James Agee had an intense regard for the camera. In his thirties, he became one of the most talented film critics of his generation; but even in 1936, on assignment with Walker Evans in Alabama, he was acutely aware of working in tandem with an artist whose ability to record history seriously threatened or qualified his own efforts. "Next to unassisted and weaponless consciousness," he said, "[the camera is] the central instrument of our time."
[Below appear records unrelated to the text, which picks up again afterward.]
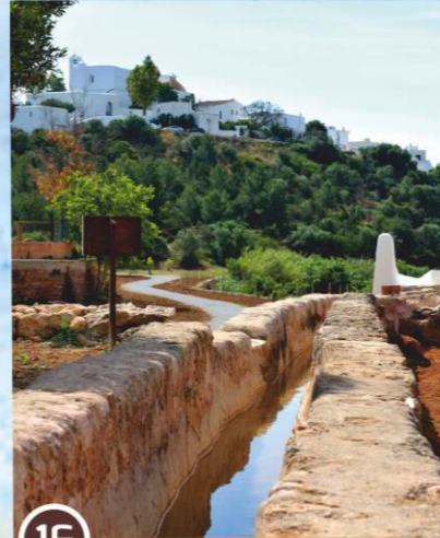
Sèquia des Mallorquí (acequia)

Para ampliar la superficie de regadío a la parte alta del pueblo, en la década de 1920 se construyó un ramal del canal principal: el Canal des Molins que se llamó la Sèquia des Mallorquí (acequia) , pero cayó en desuso cuando el turismo comenzó a desarrollarse en la localidad.
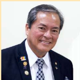
Fernando Aguirre Palacios Gobernador Distrito 4400 Rotary International
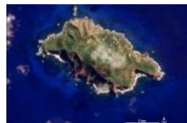
Остров Питкэрн, вид из космоса
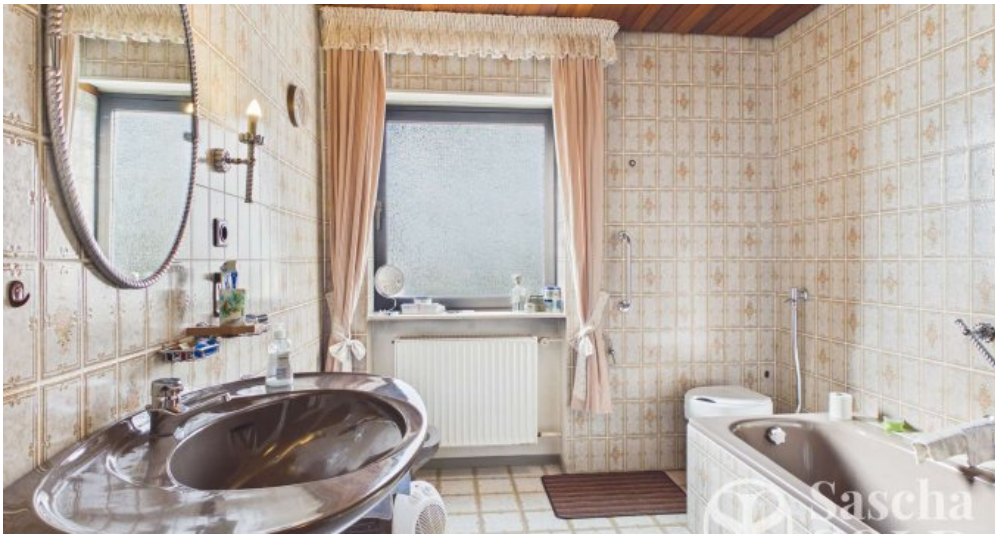
EG - Badezimmer
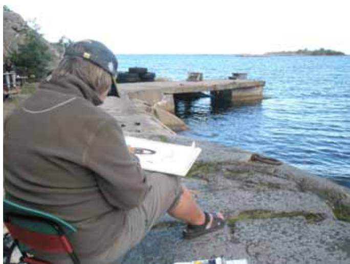
Härliga, inspirerande vyer...

Vandrarhemmet var rymligt och trevligt. Några andra hus fanns i samma regi. En skolklass med barn och några föräldrar från en skola i Danderyd var också på plats. Barnen var artiga och så gulliga. De hade en massa fartiga tävlingar, badade mycket och verkade så glada över att få vara tillsammans. Vi var också glada över att få vara tillsammans, njuta av den vackra ön, det härliga sensommarvädret och att få vara ute och måla!
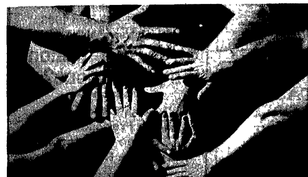
La foto di copertina del primo numero di «Monograph»
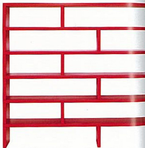
RAUMORDNUNG Regal „Sign“ (H 142 x B 154 x T 33 cm) aus laetem MDF mit drehbaren Zwischenwänden. In acht Farben und verschiedenen Holzern. S. Lindström für Karl Andersson & Söner, 1500 €.
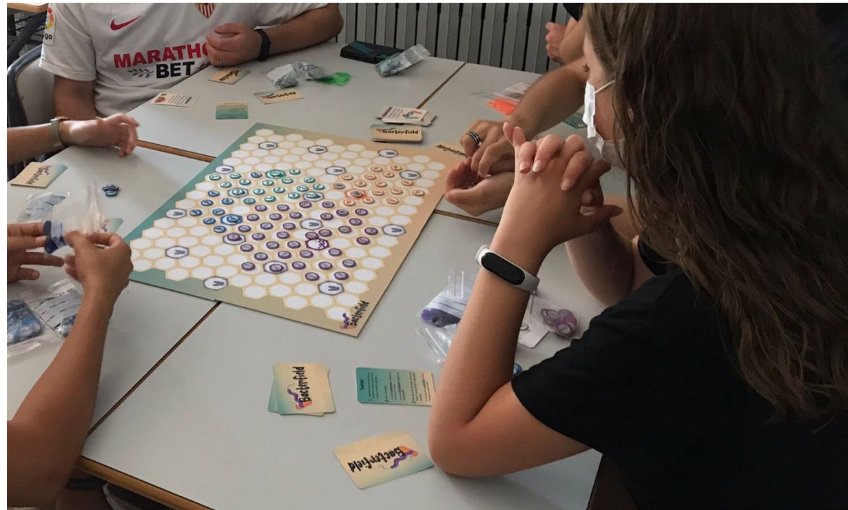
Uno de los grupos de escolares probando Bacterfield

Agee devoted a significant part of Let Us Now Praise Famous Men to explaining this sentiment, beginning the text with an anecdote about helping Walker Evans take pictures when they first arrived in the South and ending with a critique of Margaret Bourke-White's rival photography book, You Have Seen Their Faces. Most of the sorting out that goes on in these pages is personal—Agee's reflections about photography occur in the context of his own wide-ranging anxieties about journalism—but as he discussed Evans and Bourke-White, he placed two modes of investigative photography before his readers and asked them to consider the moral and political issues behind the camera's privileged access to poverty. "It seems to me curious," Agee wrote, "not to say obscene and thoroughly terrifying, that it could occur to ... an organ of journalism to pry intimately into the lives of an undefended and appallingly damaged group of human beings ... for the purpose of parading the nakedness, disadvantage and humiliation of these lives before another group of human beings, in the name of science." Both Bourke-White and Evans had established their early careers "in the name of science," and both of them had turned their lenses on the poverty of the rural South, but beyond these superficial likenesses, Agee could see clear and far-reaching differences in their approaches to photography. Just as Evans stood as an exemplar of all that Agee hoped to achieve, Bourke-White represented all that he hated about investigative reporting and the New York art world.